Dwarkesh Patel on The Mystery of the Miracle Year

An interesting pattern recurs across the careers of great scientists: an annus mirabilis (miracle year) in which they make multiple, seemingly independent breakthroughs in the span of a single year or two.

https://www.dwarkeshpatel.com/p/annus-mirabilis

This is how the short, extremely readable essay begins, and the topic of the essay is not just observations about the remarkable number of scientists who have had these miracle years, but also ruminations about how we might get more people to have these years.

Newton, Darwin and Einstein are three people who Dwarkesh argues exemplify best the idea of a miracle year, and well, it is hard to argue against that list. But it’s not just this rather intimidating list – Copernicus, Von Neumann, Gauss, Linus Torvalds and Ken Thompson are also mentioned. (By the way, I’ve decided to not link to the Wikipedia pages in each case deliberately. Please do look up any name that you are unfamiliar with, because they’re all worth a Google search or two).

Dwarkesh argues, and to my mind fair convincingly, that the phenomenon isn’t just coincidence (read his post to understand why).
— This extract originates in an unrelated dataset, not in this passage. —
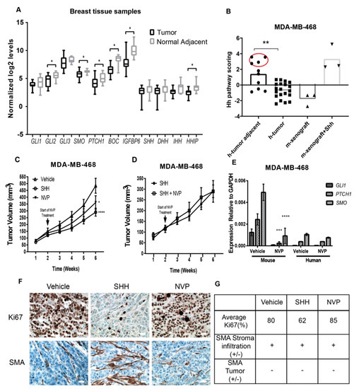 Hedgehog (Hh) signaling in breast tumor tissues and a mouse xenograft model of triple negative breast cancer (TNBC). (A) Hh pathway scores for a total of 20 tumors and 10 paired “normal-adjacent tissue” from fresh tumor samples from breast cancer patients in Puerto Rico (PR) were evaluated using the PanCancer pathways array from Nanostring. MDA-MB-468 xenograft tumors +/− Sonic hedgehog (SHH)-ligand collected at two weeks post-injection were used as negative and positive controls for SHH-signaling. TNBC samples are highlighted in red. Adjusted ** p-value < 0.005. (B) The normalized log2 expression for Hedgehog-pathway genes across tumor and normal adjacent breast tissue samples are shown in (A). Significance determined by Student t-test * p-value < 0.05. (C,D) Tumor growth curves in xenograft tumors composed by MDA-MB-468 +/− SHH-ligand. NVP or Vehicle was administered daily during the last four weeks. Data shows mean +/− standard error of mean (SEM) of nine mice per group. Significance was determined via ANOVA analysis. * p-value < 0.05, **** p-value < 0.0001. (E) Expression levels of glioma associated oncogene family zinc finger 1 (GLI1) and patched1 (PTCH1) transcripts relative to Glyceraldehyde-3-Phosphate Dehydrogenase (GAPDH) in xenografts tumors and NIH3T3 cells using human and mouse-specific primers. Data shows mean +/− SEM of six mice per condition. Significance was determined via ANOVA analysis, Adjusted *** p-value < 0.001 and **** p-value < 0.0001. (F) Representative immunohistochemistry staining from mouse tumor xenografts treated with Vehicle, NVP, and SHH-ligand. Scale bar = 20 µm. (G) Average values of Ki67 and SMA staining for two tumors of each experimental treatment were summarized based on the reported values in the pathology report.

But that then raises two important questions: one, what were the causal factors that were common across all of these cases? Two, are these factors replicable – how do we increase the probability of many more folks having these miracle years?

As regards the first, Dwarkesh offers up two main hypotheses. The first:

In Kuhnian terms, you could say that the great scientists found a new paradigm and then spent a year gobbling up all of the important, low hanging discoveries before their competitors could catch up.

https://www.dwarkeshpatel.com/p/annus-mirabilis

If the word “Kuhnian” is new to you, you’re in luck. Read this highlight, and then, if you can spare the time, the rest of the article. Also read the Wikipedia article, while you are at it. So ok, one idea is that these scientists were responsible for a paradigm shift, and as Dwarkesh says, they gobbled up all the important low-hanging fruit in these (apologies for the mixed up metaphor) unchartered territories.

A related hypothesis, and the two need not be mutually exclusive, is offered later on in the essay:

Perhaps there’s a brief window in a person’s life where he has the intelligence, curiosity, and freedom of youth but also the skills and knowledge of age. These conditions only coincide at some point in a person’s twenties. It wouldn’t be surprising if the combination of fluid intelligence (which declines steeply after your 20s) and crystalized intelligence (which accumulates slowly up till your 50s and 60s) is highest during this time.

https://www.dwarkeshpatel.com/p/annus-mirabilis

Confused about fluid and crystalized intelligence? Read the Wikipedia article about it.


As always, read the rest of the essay, but I want to focus on the concluding paragraph of Dwarkesh’s essay:

Given how many of the great scientific discoveries have come about during miracle years, we should do everything we can to help smart Twentysomethings have an annus mirabilis. We should free them from rote menial work, prevent them from being overexposed to the current paradigm, and give them the freedom to explore far-fetched ideas without arbitrary deadlines or time-draining obligations.

https://www.dwarkeshpatel.com/p/annus-mirabilis

I have chosen to not excerpt the very last sentence of the essay, in which he laments about how the excerpt above is the very opposite of a modern PhD program. Slight disagreement – I would say this is the very opposite of higher education in general – in particular, the “overexposed to the current paradigm” bit truly resonated with me.

Higher education is far too much about received wisdom and current orthodoxy, and I don’t think we do enough in terms of leaving opportunities for serendipitous conversations, chance encounters, heated debates and the freedom to explore potentially heretical ideas – no matter the field of study.

Sure classes are important, but there is so much more to education than memorizing definitions from a textbook. The cultivation practices currently in place aren’t going to generate too many annus mirablis’, more’s the pity.